As a first step, that authority must “determine whether there is objective, reliable, specific and duly updated material indicating that there is a real risk of breach, in the issuing Member State, of the fundamental right to a fair trial guaranteed by the second paragraph of Article 47 of the Charter, on account of systemic or generalised deficiencies so far as concerns the independence of that Member State’s judiciary”. (§ 29, emphasis added)

The CJEU then went on to say: “If that is the case, the competent authority of the executing Member State must, as a second step, determine, specifically and precisely, to what extent the deficiencies identified in the first step may have had an impact on the functioning of the courts of the issuing Member State which have jurisdiction over the proceedings brought against the person concerned and whether, having regard to that person’s personal situation, the nature of the offence for which he or she was tried, and the factual context of the sentence in respect of which recognition and enforcement are requested, and, where appropriate, to additional information provided by that Member State pursuant to that framework decision, there are substantial grounds for believing that such a risk has actually materialised in the present case”. (§ 30, emphasis added)

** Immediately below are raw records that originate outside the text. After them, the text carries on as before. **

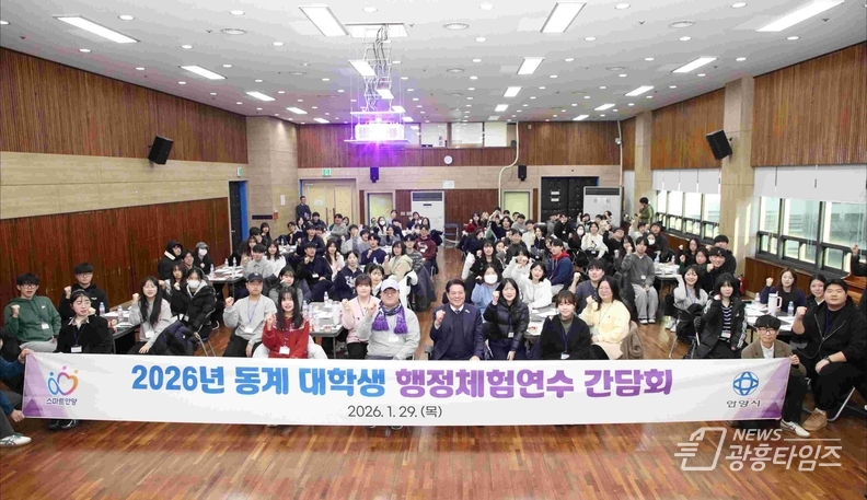 [광흥타임즈 = 조수제 기자] 안양시는 지난 1월 29일 동안구청 대회의실에서 ‘2026년 동계 대학생 행정체험연수’ 참여자들과 소통 간담회를 열고, 4주간의 연수 과정을 마무리했다고 3일 밝혔다.
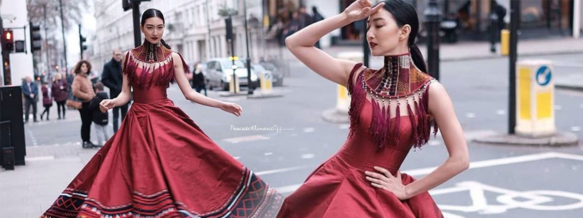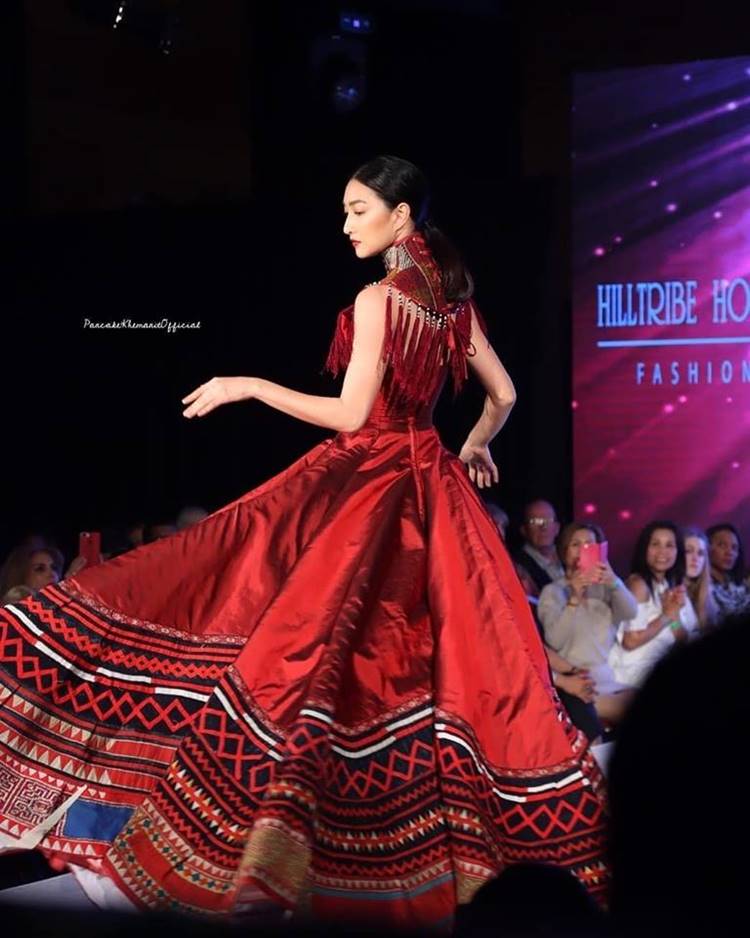 โดยงานนี้ สาวแพนเค้กได้สวมใส่ชุดผ้าไหมสีแดงเพลิง และผ้าปักม้งแดง ของแบรนด์ไทย HILLTRIBEHOUSE เดินโชว์ออกมาได้อย่างงดงามสง่า สร้างความตะลึงสะกดทุกสายตา พาแบรนด์ไทย พร้อมวัฒนธรรมไทยไปเฉิดฉายให้ชาวโลกได้เห็นกันอย่างทั่วถึง
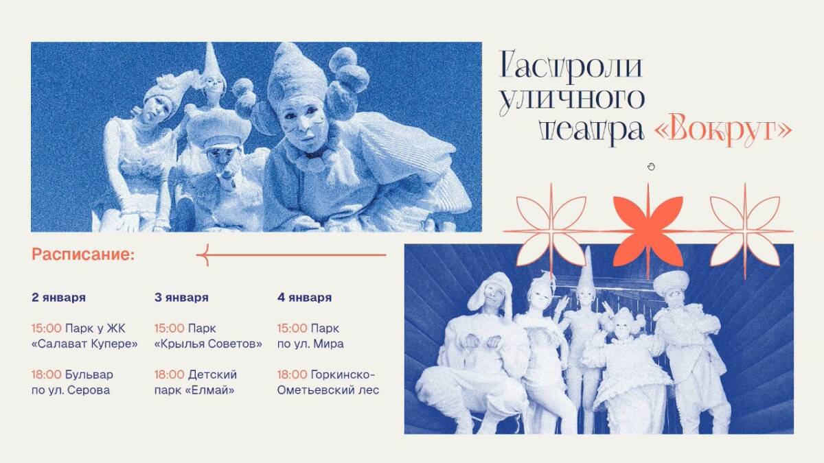 В шести парках города 2, 3 и 4 января пройдут выступления уличного театра из Санкт-Петербурга «Вокруг». Он представит шоу об удивительных и смешных инопланетных астронавтах, прилетевших на Землю на большом космическом корабле.
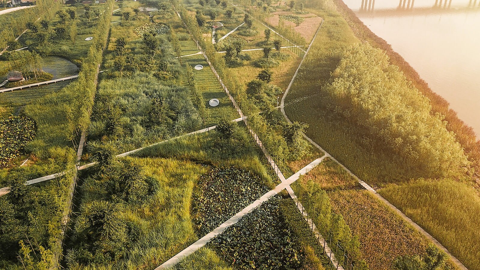 It is a portfolio of landscape icons, from the sloping terraces of Handan City’s 10-hectare Garden Expo to Huaiyang’s 43-acre Fuxi Cultural Park — the most recent of Turenscape’s many AZ Award-winning projects. Many of them remediate deeply scarred post-industrial sites, transforming shuttered factories and toxic soils into thriving, resilient ecosystems. In Nanchang, for example, the Fish Tail Park uses simple cut-and-fill techniques to recreate ancient Aztec garden systems, recycling the site’s former coal ash dump into a flood-resistant cluster of islets.
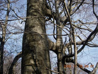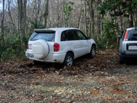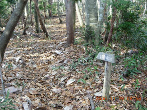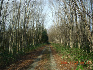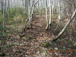 9時00分登山開始!林道の終わる手前が登山道入り口。このすぐ奥が林道の終点で車が5〜7台ほどとめられるスペースがある。 駐車しているクルマは一台きりだ。標高500メートルくらいらしいが、登山道はとにかく明るい。 歌い出したくなる程の開放感がある。落ち葉が地面を埋めていたが、登山道が分かりにくいようなことは ない。登りはじめは山ぶどうの木などもいくつか生えている。 |
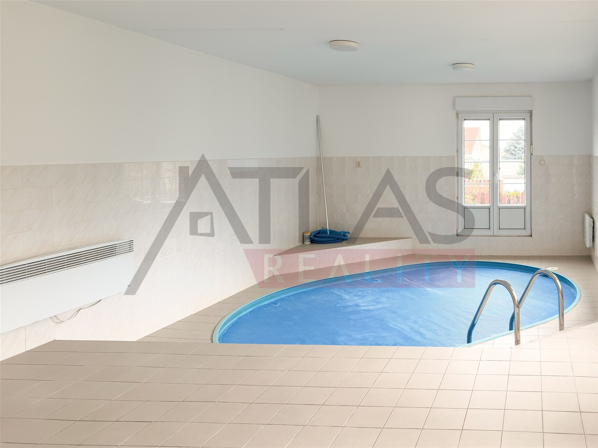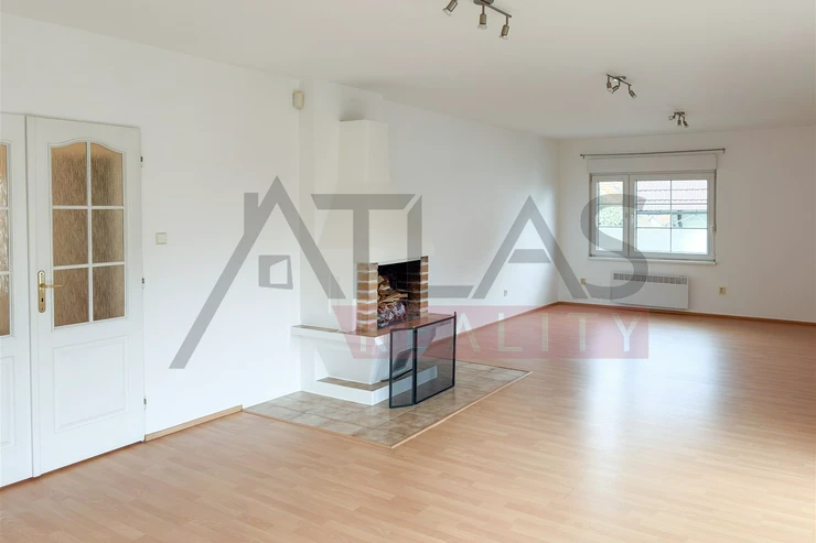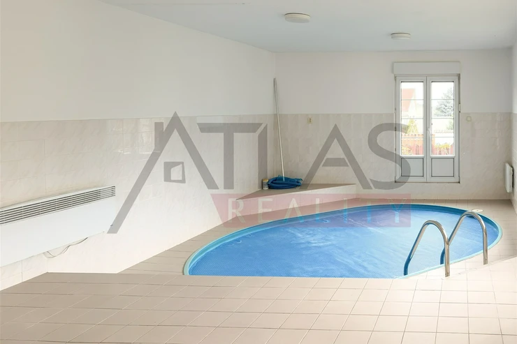 Rental of a detached family house 7+1, 365 m2 Prague 6 - Nebušice. The house is unfurnished. Living room with dining area, equipped kitchen (electric stove with ceramic hob, two refrigerators, freezer, and dishwasher), 5 bedrooms, 2 bathrooms, 2 toilets, an indoor fireplace, garage with two parking spaces. The property has PVC windows with security grilles and security shutters. Opening of garage doors and gate is controlled by automatic remote control. There is wooden mosaic flooring. The whole family house is fully basemented. A heated indoor pool with a fully automatic dehumidification unit, accessible from the living room and outdoor terrace. Water temperature can be adjusted up to 30 °C. The entire property is equipped with an electronic security system with the possibility of connection to a central security desk, telephone, satellite, washing machine. Heating of the property is provided by electric direct heaters.
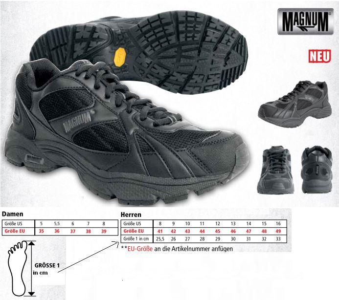 Obermaterial: atmungsaktives Nylon mit Einlagen aus Leder. Das MAGNUM Modell 'MPT', Abkürzung für "MAGNUM Police Trainer", ist ein extrem leichter und sportlicher Halbschuh von Magnum . Das Obermaterial ist aus einem netzartigen, besonders leichten und atmungsaktiven Nylon mit abriebfesten Einlagen aus Leder an den Stellen welche am meisten belastet werden. Das besondere Innenfutter ist mit anti-mikrobiellen Agion behandelt und sorgt für ein angenehmes Klima innerhalb des Schuh und leitet Wärme und Feuchtigkeit vom Fuß an die Außenseite ab. Die patentierte Agion Technologie auf Silberbasis bietet einen hygienischen und nachhaltigen Schutz gegen das Wachstum von Mikroben ohne Chlorierung. Rutschfeste, abriebarme und ölresistente Vibram Sohle und eine Stoßdämpfende Zwischensohle aus EVA ergeben nicht nur weniger Geräusche beim Abrollen sondern gewährleisten einen sicheren Halt auf allen Oberflächen. Die verwendete Leiste wurde für Sportschuhe entwickelt. Im MAGNUM 'MPT' sind keinerlei Metallteile verbaut, der Schuh ist daher "Flughafen freundlich" denn Metalldetektoren springen nicht an, daher auch geeignet für Flughafen- und Sicherheitspersonal.
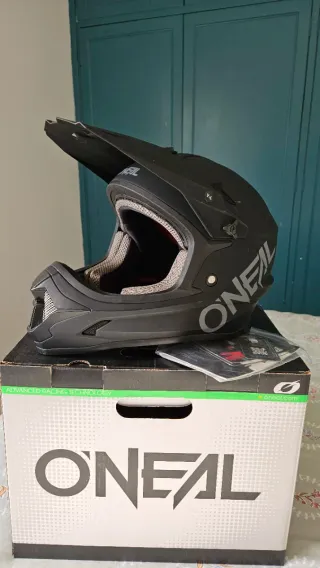 Casco integral de la marca O'Neal para niño, talla Y-L. Diseñado para ofrecer protección y comodidad. - Color negro mate. - Interior acolchado. - Visera ajustable. - Cierre de seguridad.
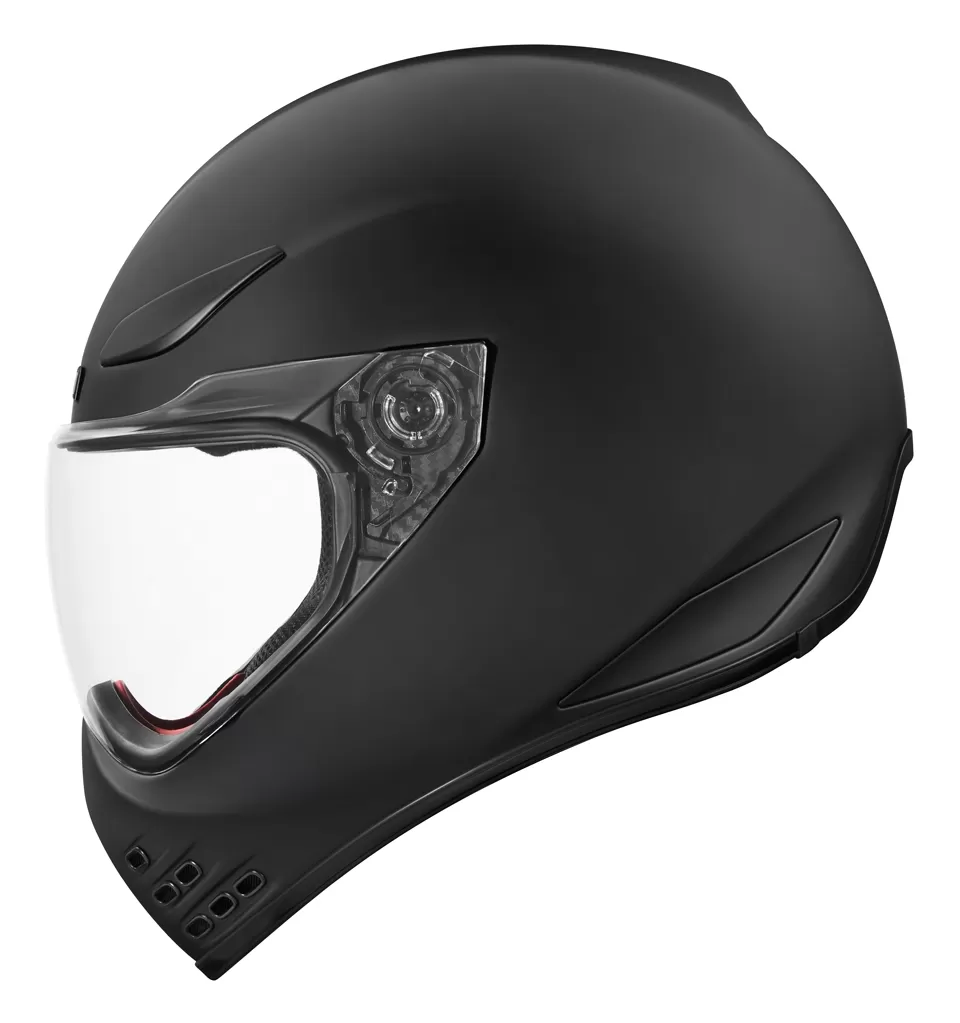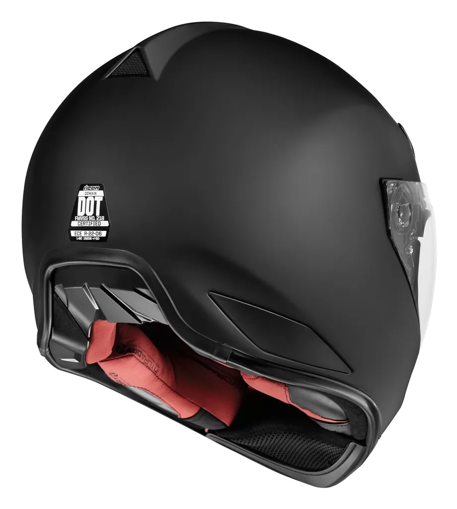 The Icon Domain Helmet features a hand-crafted FRP shell for maximum integrity with minimal weight. A prominent dorsal ridge, large brow-mounted intake vents and channeled EPS provide increased ventilation. This increased ventilation greatly enhances rider comfort when paired with the removable Hydradry liner and removable chin curtain. The Domain is also compatible with ICON’s HelmLink Bluetooth communications system, which seamlessly integrates with the helmet (sold separately).
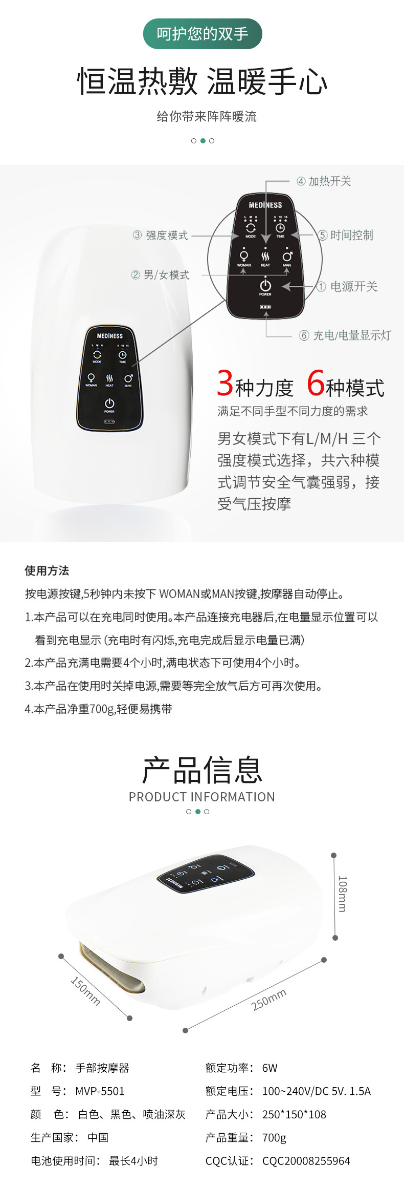 智能手部按摩器手指按摩器美手仪手指手掌手腕关节加热敷气压分指
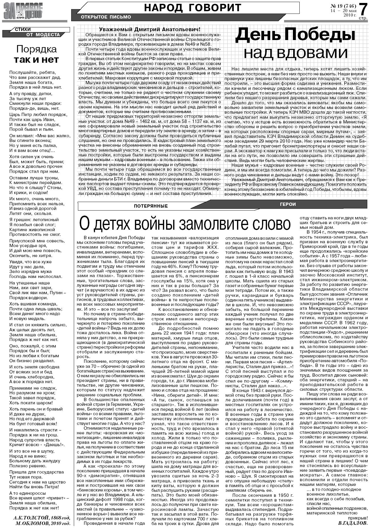 Вышел из печати очередной номер газеты Владимирского регионального отделения КПРФ «За правое дело» (№ 19 (746), 14 – 20 мая 2010 г.).
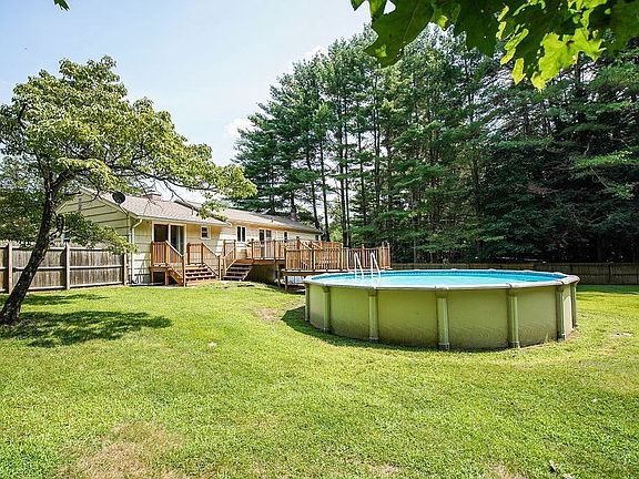 Fantastic ranch with Brand New Roof !! Welcome to this spacious 3 bedroom, 2.5 bath home located on nearly 2 acres on a cul-de-sac with many updates including new roof 2024, rebuilt main chimney 2024 (from roof up) ,renovated kitchen, refrigerator, dishwasher, replacement windows,sliders, front door, gutters, heating system, oil tank, mini split. Partially finished walk out basement offers additional living space. Owners have converted dining room into home office. Relax and unwind on one of the three decks overlooking the large 24' above ground pool. A very large portion of the private, level backyard is fenced in and perfect for family functions and pets. Great shed (12'x16') for storage of lawn and pool equipment. Enjoy the benefits of solar with a Tesla Power Purchase Agreement (see Disclosures) to help control the rising cost of electricity. Solar panels to be reinstalled (due to new roof) before closing. Schedule your private showing today!
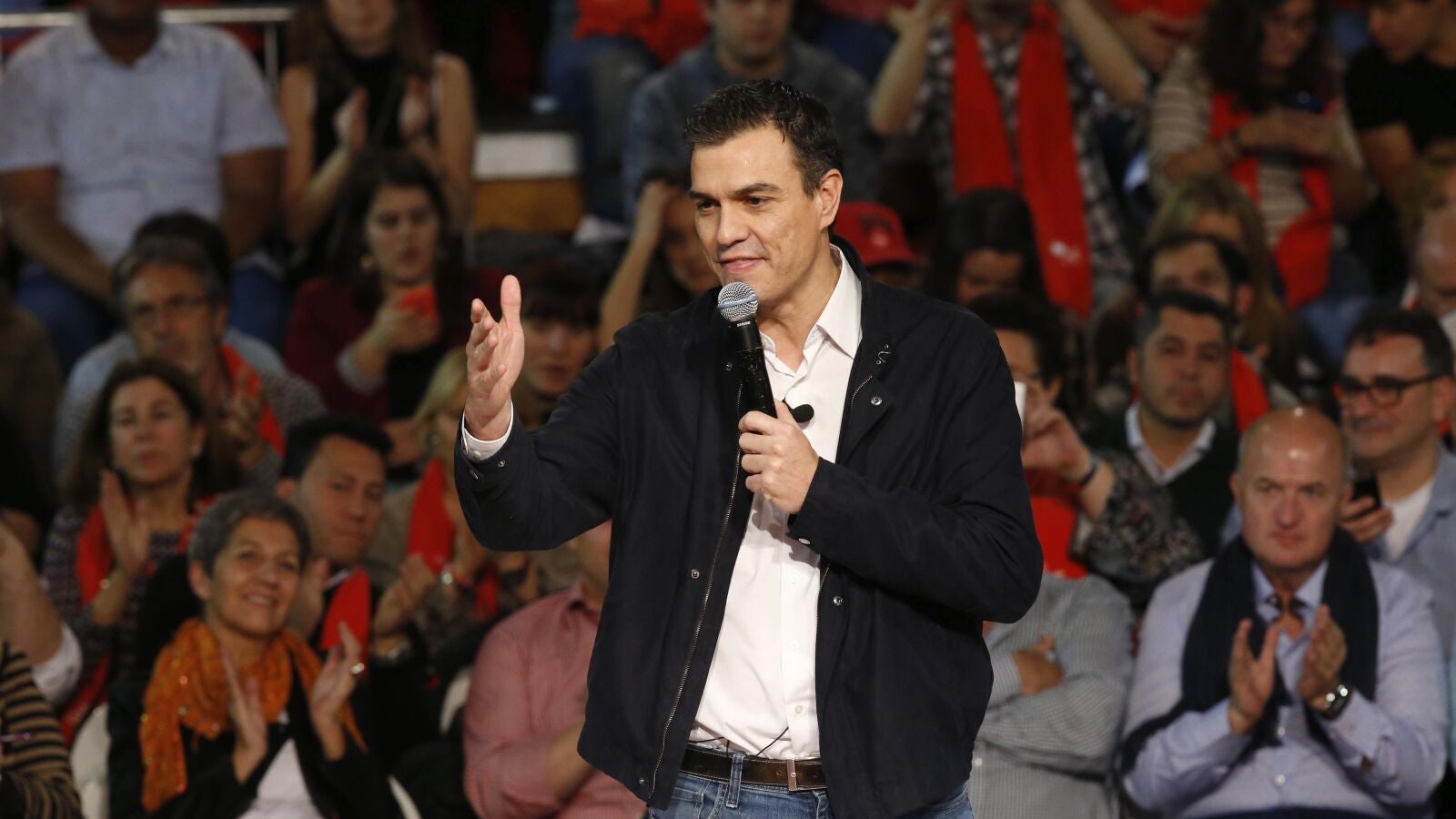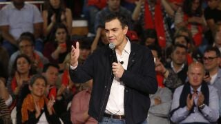 Sánchez ha rechazado los rumores de pactos con el PP de los últimos días asegurando que lo que quiere el PSOE "no es pactar con Rajoy, sino echarle". "Se ofenden por cómo le hable en el debate del 14-D pero,¿cómo quieren que llamemos al SMS de Rajoy o al bloqueo a investigar su financiacion ilegal? Pues a partir de ahora lo llamaremos 'voto socialista'".
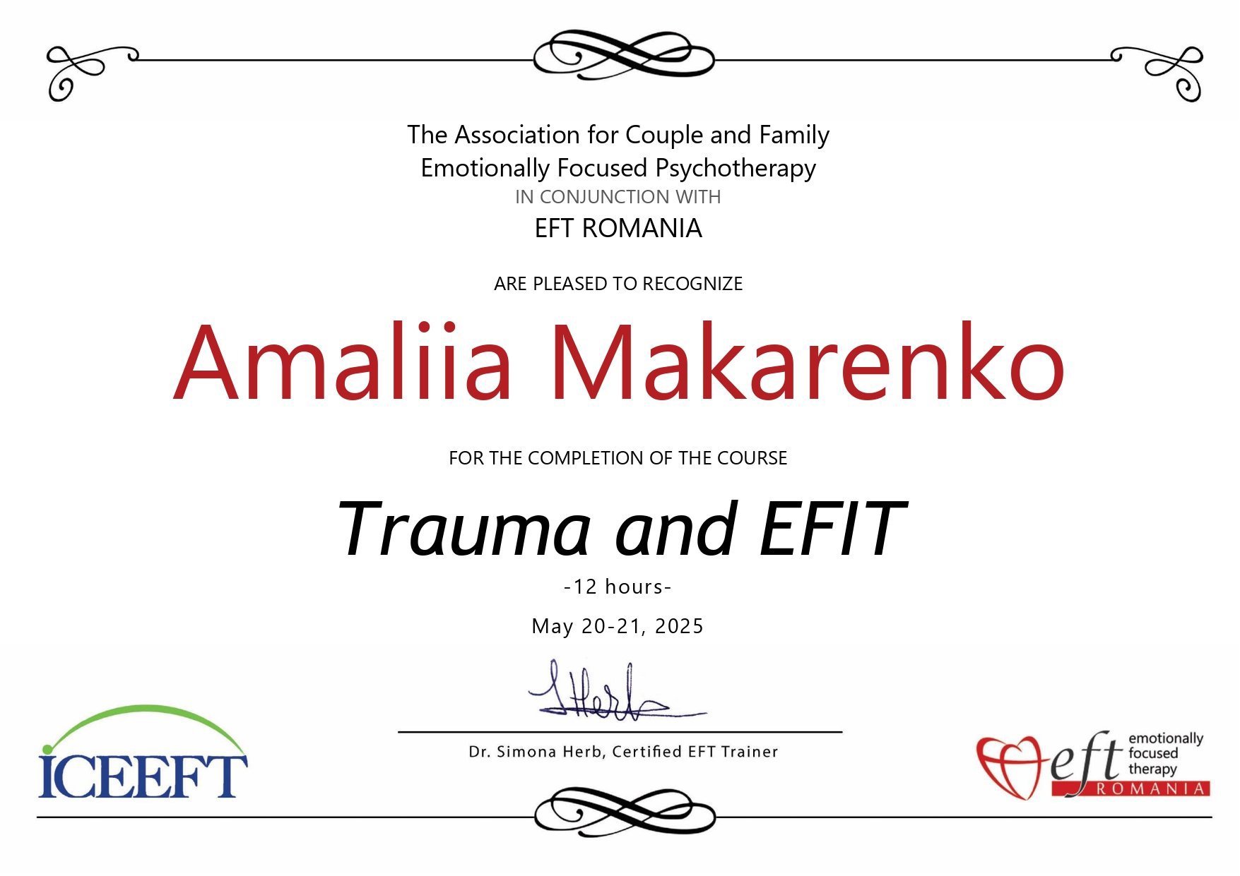 The Association for Couple and Family Emotionally Focused Psychotherapy in conjunction with EFT Romania
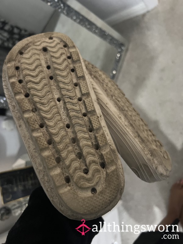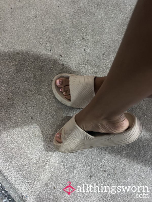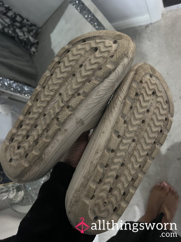 These muddy nude sliders have seen it all well worn through all types of weather, they’ve become the ultimate pair of comfy shoes. Their soft, flexible material molds perfectly to my feet, making them a dream to wear. The nude color, now kissed with a bit of mud, only adds character, showing just how much they’ve been loved and broken in over time. They’re my go-to for any casual outing, and being a UK size 4, they fit snugly and comfortably. Perfect for someone who appreciates a shoe with a bit of history and personality!

The opening words “if that is the case” in the above quotation read as a condition and suggest that it is only if the existence of systemic or generalised deficiencies is confirmed in the context of the first step of the examination that, as a second step, it can be assessed whether these deficiencies may have had a concrete impact on the individual concerned in terms of the fairness of the criminal proceedings which led to his conviction.

Assuming this interpretation is correct, it would mean that conversely, in the absence of such systemic or generalised deficiencies, no such individual assessment would be permissible. This would be in line with the CJEU’s approach in Puig Gordi and Others where a similar question was asked to the CJEU in relation to the execution of a European arrest warrant for the purpose of conducting criminal proceedings against the person concerned. In that case too, the CJEU denied the possibility for the executing authority to apply an individual test in the absence of systemic or generalised deficiencies (§ 111), the only difference being that in Staatsanwaltschaft Aachen the referring court had itself found such systemic or generalised deficiencies to exist.

Applied in this way, the two steps of this methodology appear of unequal weight and not on the same footing. Rather, the individual test seems subordinated to the general test, performing an ancillary function compared to that of the general test. Unlike the general test, the individual test is indeed not autonomous in the sense that it could on its own justify a conclusion as regards the existence of a risk of breach of a fundamental right – here the right to a fair trial – in the issuing State, as it can do under the European Convention on Human Rights.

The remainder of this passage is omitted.